DATE: SUNDAY, June 18, 1995                   TAG: 9506200032
SECTION: VIRGINIA                    PAGE: B-5   EDITION: METRO 
SOURCE: CODY LOWE STAFF WRITER
DATELINE:                                 LENGTH: Medium


METHODISTS OPPOSE WEAKER POLICY ON GAYS

Virginia United Methodists will petition next year's quadrennial General Conference of their national church not to weaken church law opposing the ordination of homosexuals.

At its annual meeting in Roanoke, the Virginia Conference of the United Methodist Church approved a series of other resolutions Saturday as well as petitions to next year's governing meeting of the national denomination.

The national church's Board of Church and Society has voted to recommend that the General Conference delete language in the Book of Discipline saying the church "does not condone" homosexual activity and considers it "incompatible with Christian teaching." The 1992 General Conference rejected similar proposals to eliminate or weaken the rule.

A sentence in the Virginia resolution calling for the dismissal of homosexual pastors was ruled out of order by Bishop Thomas B. Stockton. The modified resolution passed overwhelmingly on a show of hands.

The delegates, representing congregations from all parts of the state except Southwest Virginia, also will ask the national church to amend its rules to allow bishops to call meetings of their conferences less often than once a year.

Alvin Horton, an ordained minister and editor of the state Methodist magazine, estimated that each annual meeting costs Virginia congregations and the conference at least $1 million. If bishops, who have statutory authority to set the date of the meetings, could call them every other year, that would result in substantial savings for a denomination that is already dipping into reserves to pay for programs, Horton said in defending his proposal.

His recommendation would not mandate that bishops call meetings less frequently.

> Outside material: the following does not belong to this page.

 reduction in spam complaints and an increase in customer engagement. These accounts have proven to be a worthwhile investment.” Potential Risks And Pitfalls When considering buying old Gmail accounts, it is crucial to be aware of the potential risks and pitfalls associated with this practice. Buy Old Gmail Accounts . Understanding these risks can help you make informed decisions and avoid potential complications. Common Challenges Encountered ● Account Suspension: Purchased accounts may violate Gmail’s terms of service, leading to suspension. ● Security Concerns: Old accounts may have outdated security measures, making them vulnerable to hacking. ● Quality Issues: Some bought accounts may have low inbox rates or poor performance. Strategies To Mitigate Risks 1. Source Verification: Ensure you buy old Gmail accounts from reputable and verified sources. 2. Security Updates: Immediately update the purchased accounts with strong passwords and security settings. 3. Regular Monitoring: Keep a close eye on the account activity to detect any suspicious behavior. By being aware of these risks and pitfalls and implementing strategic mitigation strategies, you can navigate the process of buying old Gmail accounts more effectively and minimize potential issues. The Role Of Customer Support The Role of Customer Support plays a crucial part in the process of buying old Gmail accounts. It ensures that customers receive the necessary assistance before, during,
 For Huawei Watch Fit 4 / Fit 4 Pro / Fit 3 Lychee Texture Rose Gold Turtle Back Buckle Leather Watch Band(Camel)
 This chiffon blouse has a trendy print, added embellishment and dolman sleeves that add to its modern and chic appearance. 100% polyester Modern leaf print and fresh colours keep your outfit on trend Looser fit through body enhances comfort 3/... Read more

In other action Saturday, delegates rejected two proposals that would have limited local congregations' authority to set their ministers' salaries. They also soundly defeated a resolution that would have taken funds from United Methodist-related colleges in the state for failing to effectively ban the consumption of alcoholic beverages on campus.

Annual Conference is also the time when churches that are to have new ministers get the official announcement of those appointments, although the changes usually are common knowledge in the congregations by the time the meeting is held.

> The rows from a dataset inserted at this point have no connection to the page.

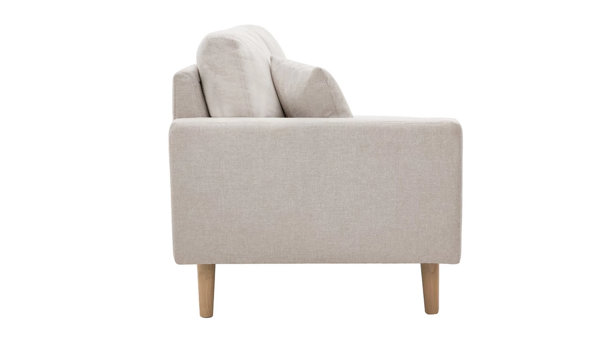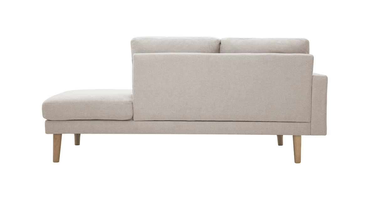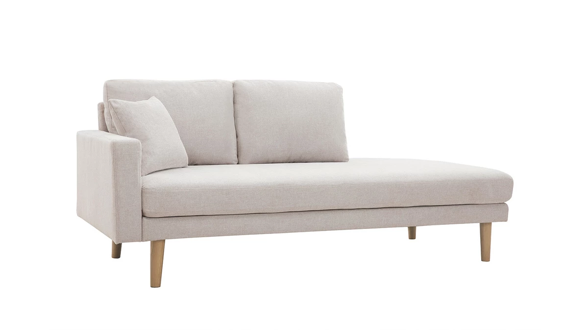 Cette méridienne aux lignes épurées est habillée d’un tissu beige doux et lumineux qui s’accorde à merveille aux pieds fuselés en hévéa (hauteur des pieds 20 cm). Elle est aussi livrée avec un petit coussin supplémentaire (L35 x L35 cm) à placer librement.
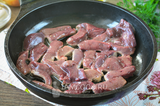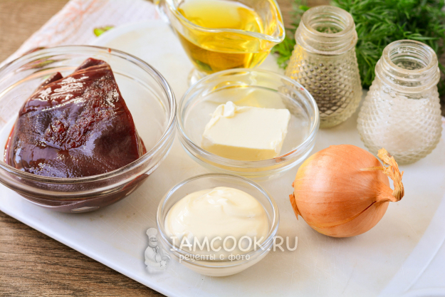 Подготовьте ингредиенты для приготовления свиной печени с майонезом на сковороде.
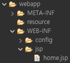 "WEB-INF" 폴더 아래에 "jsp" 폴더를 만들고, "home.jsp" 폴더를 만들어 줍니다.
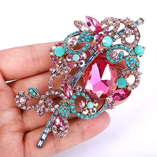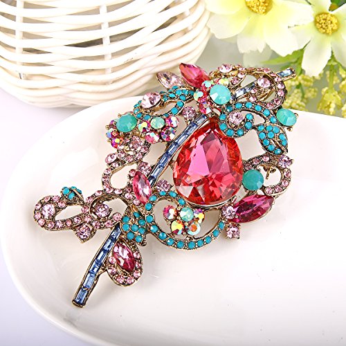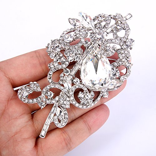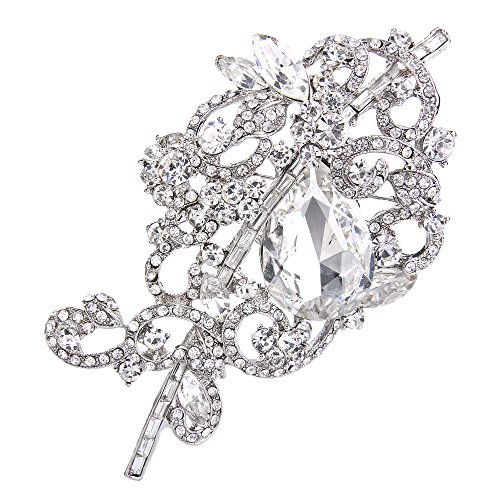 (EVER FAITH)/Accessories/Hats/DIRECT FROM USA/EVER FAITH Women's Rhinestone Crystal Floral Knot Leaf Vine Teardrop Brooch
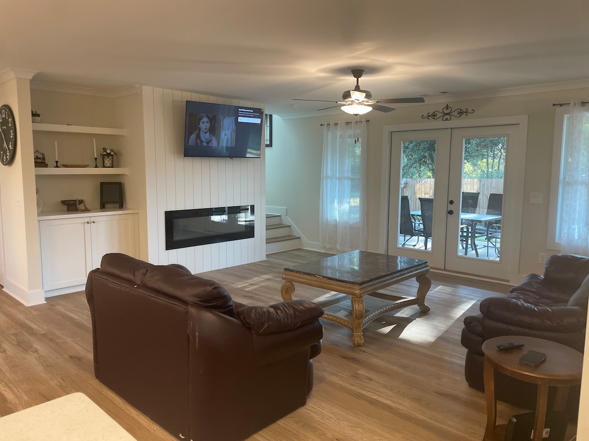 Our Neoclassical home rests on a hillside acre among towering Georgia Pine. Read or watch movies in the library, (the fireplace works) gather in the sun porch, make yourself at home in the dining room, tell stories in the living room, or entertain on the back terraces, beside the Koi pond and waterfall. We have 3 full baths and 2 half baths. Note: The airbnb software isnt able to list 1/2 baths. Roku, free channels, feel free to login and use your personal streaming accounts.

Several congregations in the Roanoke Valley District will have new pastors beginning next month.

The Rev. Jerry O. Campbell is leaving Greene Memorial United Methodist Church in downtown Roanoke to serve Larchmont church in Norfolk. His replacement at Greene Memorial will be the Rev. Robert L. Watts, who comes from Washington Street United Methodist in Alexandria.

Watts' position will be filled by the Rev. Gregory L. Adkins, who is leaving Roanoke's Raleigh Court congregation. Adkins will be succeeded by the Rev. William B. Ramey Jr. of Chester United Methodist Church.

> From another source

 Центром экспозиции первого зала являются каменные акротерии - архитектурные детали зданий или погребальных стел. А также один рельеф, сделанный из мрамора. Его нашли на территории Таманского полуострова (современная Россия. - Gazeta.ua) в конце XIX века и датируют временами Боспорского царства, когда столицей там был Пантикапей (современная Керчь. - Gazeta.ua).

The Rev. Jeanne T. Finley comes from Danville to be pastor of Newport/Mount Olivet in Newport. She succeeds the Rev. Alan D. Thorne, who becomes associate pastor at First United Methodist Church in Salem.

The Rev. Robert H. Garner is retiring from the pastorate at Goodwin Memorial United Methodist Church in Salem. He will be replaced by the Rev. James Angle, who moves from St. James church in Ferrum.

The Buchanan "charge" - a circuit of four congregations near Buchanan - will be served by the Rev. James W. Tinney, who comes from Blue Grass. He replaces the Rev. Donald M. Warrick Jr., who moves to Kilmarnock.

And at Blacksburg United Methodist, the Rev. Lynne Alley-Grant gets her first appointment as associate pastor.

Ministers in the United Methodist Church serve at the pleasure of the bishop. The church operates on a system of pastoral rotation called itinerancy. Though a pastor may serve as little as one year in a particular congregation, lengths of service now routinely last five years or more.